Sam came to the realization following a breakup. She was “freshly out as a queer person,” new to non-monogamy, and in a relationship that encouraged the exploration of her sexual identity. She and her ex were “swingers,” but Sam says she was “deeply uncomfortable and unfulfilled” by all the “casual and often unsatisfying” sexual experiences. When the relationship ended, she dove into the polyamory scene in Los Angeles, where she later learned about relationship anarchy.
José Esteban Muñoz, in Cruising Utopia: The Then and There of Queer Futurity, has suggested that “queerness is a structuring and educated mode of desiring that allows us to see and feel beyond the quagmire of the present.” It comes as no surprise, then, that young people who identify as LGBTQIA+ and also practice ethical non-monogamy are finding that relationship anarchy is for them.
“We’ve pushed so many societal norms already, and we’re in this place where it’s like, well, how else can we push this even more?” Lavvynder says.

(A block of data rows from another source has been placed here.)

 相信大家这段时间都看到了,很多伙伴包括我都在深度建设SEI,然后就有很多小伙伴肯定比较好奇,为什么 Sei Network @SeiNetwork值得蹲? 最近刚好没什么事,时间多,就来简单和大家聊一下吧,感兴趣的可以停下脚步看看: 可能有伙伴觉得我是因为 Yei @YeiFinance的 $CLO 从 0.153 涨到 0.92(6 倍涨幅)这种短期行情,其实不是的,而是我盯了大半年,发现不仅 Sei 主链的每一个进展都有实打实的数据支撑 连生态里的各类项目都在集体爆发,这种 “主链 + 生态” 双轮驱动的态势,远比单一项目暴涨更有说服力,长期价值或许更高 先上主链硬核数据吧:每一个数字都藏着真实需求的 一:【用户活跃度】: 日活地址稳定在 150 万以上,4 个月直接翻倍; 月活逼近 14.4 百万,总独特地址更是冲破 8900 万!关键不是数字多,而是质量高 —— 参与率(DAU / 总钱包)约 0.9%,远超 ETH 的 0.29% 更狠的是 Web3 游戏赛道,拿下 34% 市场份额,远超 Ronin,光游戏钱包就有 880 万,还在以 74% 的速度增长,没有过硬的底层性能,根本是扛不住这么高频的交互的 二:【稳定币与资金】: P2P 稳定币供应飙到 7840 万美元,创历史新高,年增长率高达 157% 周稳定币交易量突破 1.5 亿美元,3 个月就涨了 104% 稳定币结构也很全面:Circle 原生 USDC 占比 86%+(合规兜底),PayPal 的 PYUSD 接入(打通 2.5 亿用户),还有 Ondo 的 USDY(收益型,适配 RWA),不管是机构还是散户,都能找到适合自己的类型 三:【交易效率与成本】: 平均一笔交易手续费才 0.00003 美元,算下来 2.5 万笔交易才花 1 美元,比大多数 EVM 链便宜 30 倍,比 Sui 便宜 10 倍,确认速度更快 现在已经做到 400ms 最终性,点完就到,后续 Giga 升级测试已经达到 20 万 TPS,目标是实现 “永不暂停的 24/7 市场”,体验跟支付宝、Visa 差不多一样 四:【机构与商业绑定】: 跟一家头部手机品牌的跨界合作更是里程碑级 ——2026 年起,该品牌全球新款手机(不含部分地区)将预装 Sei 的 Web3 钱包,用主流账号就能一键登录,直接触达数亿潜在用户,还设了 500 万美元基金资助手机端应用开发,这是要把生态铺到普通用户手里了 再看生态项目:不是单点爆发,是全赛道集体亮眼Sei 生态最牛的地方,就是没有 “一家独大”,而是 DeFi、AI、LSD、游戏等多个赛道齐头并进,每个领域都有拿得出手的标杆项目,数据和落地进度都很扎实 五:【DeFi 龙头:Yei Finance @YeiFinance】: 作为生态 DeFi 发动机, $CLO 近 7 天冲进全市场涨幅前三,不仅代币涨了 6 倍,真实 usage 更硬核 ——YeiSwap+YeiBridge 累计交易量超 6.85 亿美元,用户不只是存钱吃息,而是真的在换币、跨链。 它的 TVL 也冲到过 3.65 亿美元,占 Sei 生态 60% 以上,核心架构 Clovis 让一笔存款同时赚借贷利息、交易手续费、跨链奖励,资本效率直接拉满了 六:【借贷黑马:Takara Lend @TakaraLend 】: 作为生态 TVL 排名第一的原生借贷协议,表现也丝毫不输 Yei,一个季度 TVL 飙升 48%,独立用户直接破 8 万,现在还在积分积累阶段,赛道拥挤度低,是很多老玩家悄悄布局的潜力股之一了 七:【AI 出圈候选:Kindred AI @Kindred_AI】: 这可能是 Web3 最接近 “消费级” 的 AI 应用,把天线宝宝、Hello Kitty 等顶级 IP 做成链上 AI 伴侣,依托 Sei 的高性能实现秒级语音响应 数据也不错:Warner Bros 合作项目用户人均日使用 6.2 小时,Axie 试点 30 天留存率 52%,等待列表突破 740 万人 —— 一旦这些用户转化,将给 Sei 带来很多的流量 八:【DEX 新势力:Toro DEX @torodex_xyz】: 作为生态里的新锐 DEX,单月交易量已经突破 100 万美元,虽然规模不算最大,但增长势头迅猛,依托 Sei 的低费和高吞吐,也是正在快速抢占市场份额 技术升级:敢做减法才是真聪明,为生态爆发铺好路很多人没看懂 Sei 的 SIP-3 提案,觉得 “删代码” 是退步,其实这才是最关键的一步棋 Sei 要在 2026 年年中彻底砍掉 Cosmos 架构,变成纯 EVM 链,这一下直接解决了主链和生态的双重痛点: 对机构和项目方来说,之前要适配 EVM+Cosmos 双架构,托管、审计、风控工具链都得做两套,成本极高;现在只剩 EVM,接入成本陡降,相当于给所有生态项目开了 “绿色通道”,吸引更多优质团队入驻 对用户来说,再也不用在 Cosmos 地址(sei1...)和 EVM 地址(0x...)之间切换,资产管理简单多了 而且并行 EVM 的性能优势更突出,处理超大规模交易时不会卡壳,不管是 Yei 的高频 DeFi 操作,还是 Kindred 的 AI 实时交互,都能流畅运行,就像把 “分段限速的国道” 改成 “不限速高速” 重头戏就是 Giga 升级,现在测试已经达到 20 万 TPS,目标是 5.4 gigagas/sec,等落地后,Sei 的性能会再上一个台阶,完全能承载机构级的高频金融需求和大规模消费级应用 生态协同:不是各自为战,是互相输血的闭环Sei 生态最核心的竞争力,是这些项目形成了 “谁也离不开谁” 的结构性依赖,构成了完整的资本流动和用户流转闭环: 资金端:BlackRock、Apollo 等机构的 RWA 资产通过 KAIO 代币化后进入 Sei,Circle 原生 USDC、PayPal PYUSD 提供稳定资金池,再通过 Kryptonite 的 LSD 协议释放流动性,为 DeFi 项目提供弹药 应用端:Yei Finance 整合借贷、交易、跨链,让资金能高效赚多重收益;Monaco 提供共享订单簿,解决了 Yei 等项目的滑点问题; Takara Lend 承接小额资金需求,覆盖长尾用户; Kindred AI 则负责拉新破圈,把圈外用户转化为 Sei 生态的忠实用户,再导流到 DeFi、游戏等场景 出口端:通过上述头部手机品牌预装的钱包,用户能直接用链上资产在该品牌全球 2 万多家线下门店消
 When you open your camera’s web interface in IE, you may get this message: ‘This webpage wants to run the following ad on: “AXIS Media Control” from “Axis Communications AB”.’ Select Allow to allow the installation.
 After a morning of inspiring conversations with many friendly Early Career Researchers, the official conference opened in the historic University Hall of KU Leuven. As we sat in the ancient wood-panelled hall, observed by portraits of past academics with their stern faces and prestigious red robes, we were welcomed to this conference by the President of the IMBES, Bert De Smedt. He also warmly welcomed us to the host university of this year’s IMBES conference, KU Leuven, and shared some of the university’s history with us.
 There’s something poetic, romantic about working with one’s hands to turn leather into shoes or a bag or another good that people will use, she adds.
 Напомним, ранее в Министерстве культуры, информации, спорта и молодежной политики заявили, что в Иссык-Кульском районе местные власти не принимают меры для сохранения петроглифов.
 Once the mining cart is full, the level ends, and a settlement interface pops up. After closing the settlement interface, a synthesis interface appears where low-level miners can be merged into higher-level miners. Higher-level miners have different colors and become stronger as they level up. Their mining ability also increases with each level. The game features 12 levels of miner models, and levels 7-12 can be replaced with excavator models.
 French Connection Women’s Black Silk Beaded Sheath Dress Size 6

“It’s a function of more and more people coming out as queer and being in queer relationships. They are realizing that there are alternatives to the norm of what love can be,” Jack says.
Jack is a 30-year-old physician who identifies as nonbinary. They discovered relationship anarchy during the pandemic. Freed from “a cycle of serial monogamy,” they say they were introduced to the lifestyle by their current partner, who they live with in Brooklyn, New York. “We all had so much time to sit and think and really self-examine. I had time to expose myself to these new ideas. For a lot of people you just don’t know what else you can do—until you do. That was certainly the case for me.”
Jack and their partner have been together five years. Jack also has three other romantic partners—one in San Francisco, another in Asheville, North Carolina, and a person they just started seeing in Rhode Island because “apparently I hate dating people that actually live in the same city as myself.” Above all, Jack says, respect is prioritized in each relationship.
Lavvynder, Sam, and Jack requested their last names not be used due to privacy concerns.
Still, navigating relationships doesn’t come easy. “It requires a deep level of self reflection, honesty, and communication that we are not taught and is not modeled to us in any traditional societal structures,” Sam says. “Your boundaries will differ from relationship to relationship.”
“It is difficult and something you have to be conscious of—at least I do,” Jack adds “I’m not that good at it yet.”